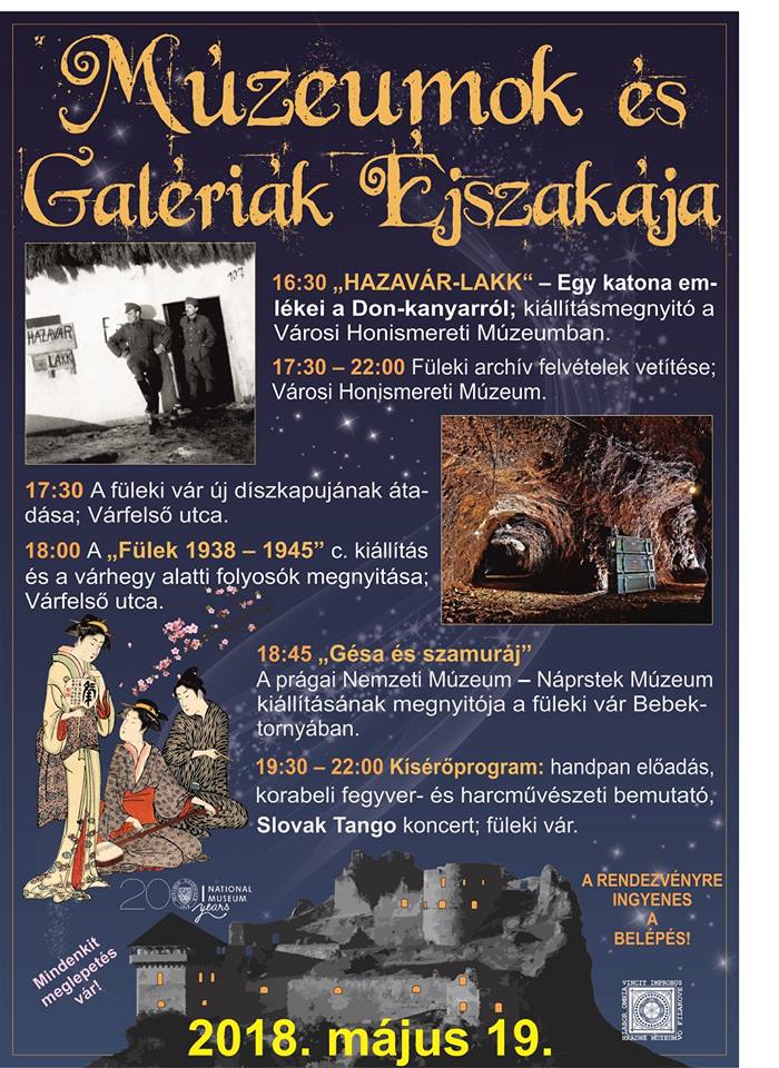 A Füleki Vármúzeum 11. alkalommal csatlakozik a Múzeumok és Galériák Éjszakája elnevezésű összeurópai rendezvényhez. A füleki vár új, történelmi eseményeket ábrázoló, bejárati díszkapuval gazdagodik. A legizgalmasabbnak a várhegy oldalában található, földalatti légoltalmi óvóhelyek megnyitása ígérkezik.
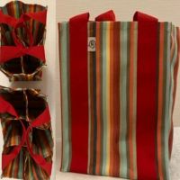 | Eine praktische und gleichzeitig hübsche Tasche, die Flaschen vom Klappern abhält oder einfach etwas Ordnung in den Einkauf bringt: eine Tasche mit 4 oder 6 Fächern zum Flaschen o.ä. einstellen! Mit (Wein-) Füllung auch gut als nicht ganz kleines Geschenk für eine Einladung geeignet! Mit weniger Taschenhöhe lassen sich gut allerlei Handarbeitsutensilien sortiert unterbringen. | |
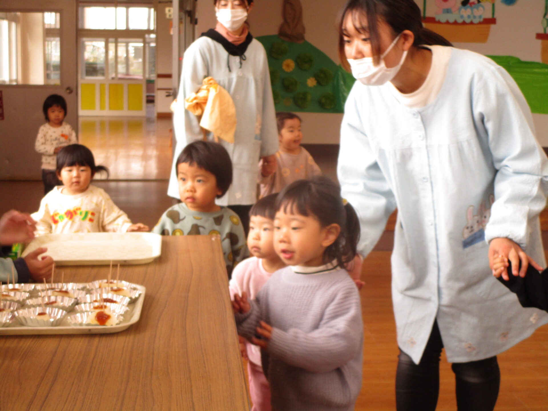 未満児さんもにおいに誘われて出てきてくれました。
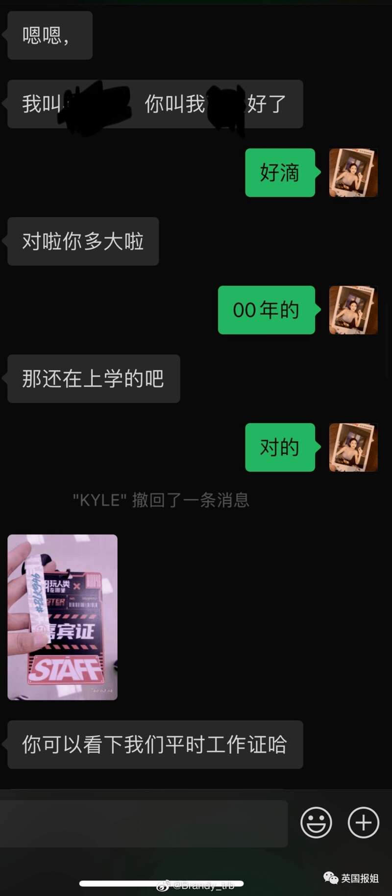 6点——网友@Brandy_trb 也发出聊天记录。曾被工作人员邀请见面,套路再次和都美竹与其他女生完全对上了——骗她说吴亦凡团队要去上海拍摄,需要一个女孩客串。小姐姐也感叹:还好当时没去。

================

* [Work item] Output the listing above in full and exactly, with pictures excluded.

* [Solved exercise]
 A Füleki Vármúzeum 11. alkalommal csatlakozik a Múzeumok és Galériák Éjszakája elnevezésű összeurópai rendezvényhez. A füleki vár új, történelmi eseményeket ábrázoló, bejárati díszkapuval gazdagodik. A legizgalmasabbnak a várhegy oldalában található, földalatti légoltalmi óvóhelyek megnyitása ígérkezik.
 | Eine praktische und gleichzeitig hübsche Tasche, die Flaschen vom Klappern abhält oder einfach etwas Ordnung in den Einkauf bringt: eine Tasche mit 4 oder 6 Fächern zum Flaschen o.ä. einstellen! Mit (Wein-) Füllung auch gut als nicht ganz kleines Geschenk für eine Einladung geeignet! Mit weniger Taschenhöhe lassen sich gut allerlei Handarbeitsutensilien sortiert unterbringen. | |
 未満児さんもにおいに誘われて出てきてくれました。
 6点——网友@Brandy_trb 也发出聊天记录。曾被工作人员邀请见面,套路再次和都美竹与其他女生完全对上了——骗她说吴亦凡团队要去上海拍摄,需要一个女孩客串。小姐姐也感叹:还好当时没去。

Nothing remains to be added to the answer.